Problem description: Please output the listing that follows exactly, but keep all images out.

Record extracts:
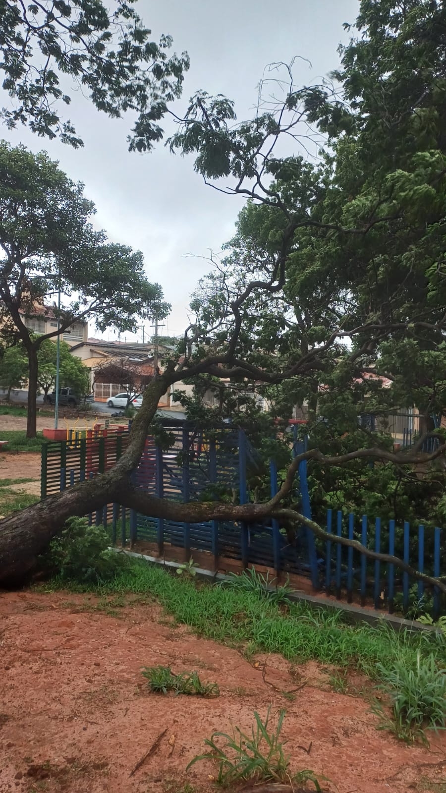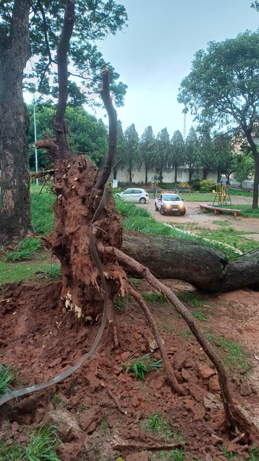 A árvore, apesar de caída, não representa risco de novos desabamentos, segundo os agentes que atenderam à ocorrência. O local foi isolado preventivamente para garantir a segurança dos frequentadores do espaço.
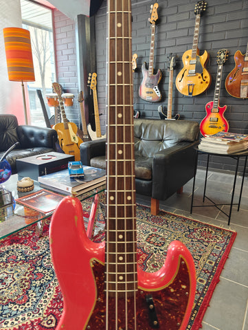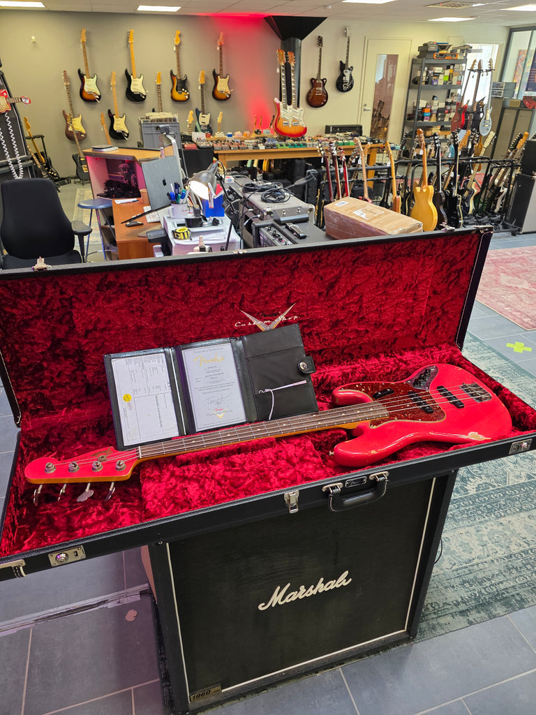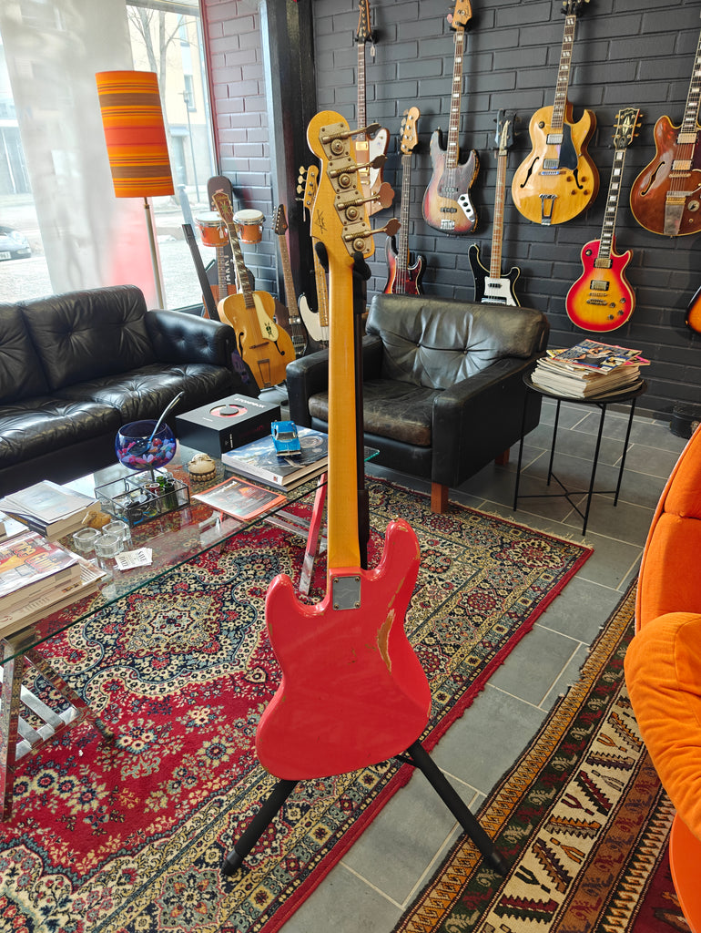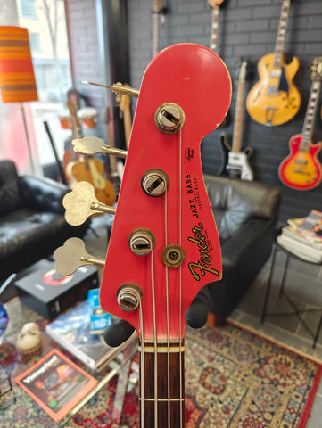 Ladies and gentlebassmen. This must be the finest JB we have ever had. Totally classy fiesta red Jazz Bass with matching headstock. OHSC with case candies and weight: 3.8 kg.
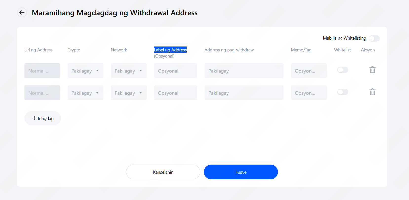Kung gusto mong magdagdag ng maramihang address sa iyong whitelist nang bulto, maaari kang mag-click sa Pagdaragdag ng Bulk. Sa pahinang "Maramihang Magdagdag ng Withdrawal Address", punan ang crypto, transfer network, label ng Address (opsyonal), address ng pag-withdraw, memo/tag (opsyonal), at paganahin ang "Whitelist" na opsyon. Kapag naidagdag mo na ang lahat ng mga address, i-click ang I-save.
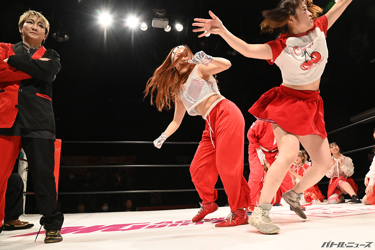 梨央は「茉莉さんを助けようと思って・・・」と言い訳するが、茉莉はブチ切れて走り込みエルボーから髪を掴んでいくが、さくらがロープに飛んで茉莉の背中にドロップキック。
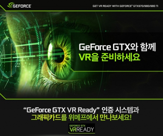 이번 기획전에서 선보이는 'GeForce GTX VR Ready' 시스템은 탁월한 VR 경험을 위해 구성된 GeForce GTX 980 GPU 이상, 혹은 최신 인텔 Core i7 또는 i5 이상의 CPU와 지포스 GTX 970 이상의 'GPU' 그리고 8GB 이상의 메모리를 적용하여 구성한 데스크톱을 뜻한다.

Response below:
 A árvore, apesar de caída, não representa risco de novos desabamentos, segundo os agentes que atenderam à ocorrência. O local foi isolado preventivamente para garantir a segurança dos frequentadores do espaço.
 Ladies and gentlebassmen. This must be the finest JB we have ever had. Totally classy fiesta red Jazz Bass with matching headstock. OHSC with case candies and weight: 3.8 kg.
Kung gusto mong magdagdag ng maramihang address sa iyong whitelist nang bulto, maaari kang mag-click sa Pagdaragdag ng Bulk. Sa pahinang "Maramihang Magdagdag ng Withdrawal Address", punan ang crypto, transfer network, label ng Address (opsyonal), address ng pag-withdraw, memo/tag (opsyonal), at paganahin ang "Whitelist" na opsyon. Kapag naidagdag mo na ang lahat ng mga address, i-click ang I-save.
 梨央は「茉莉さんを助けようと思って・・・」と言い訳するが、茉莉はブチ切れて走り込みエルボーから髪を掴んでいくが、さくらがロープに飛んで茉莉の背中にドロップキック。
 이번 기획전에서 선보이는 'GeForce GTX VR Ready' 시스템은 탁월한 VR 경험을 위해 구성된 GeForce GTX 980 GPU 이상, 혹은 최신 인텔 Core i7 또는 i5 이상의 CPU와 지포스 GTX 970 이상의 'GPU' 그리고 8GB 이상의 메모리를 적용하여 구성한 데스크톱을 뜻한다.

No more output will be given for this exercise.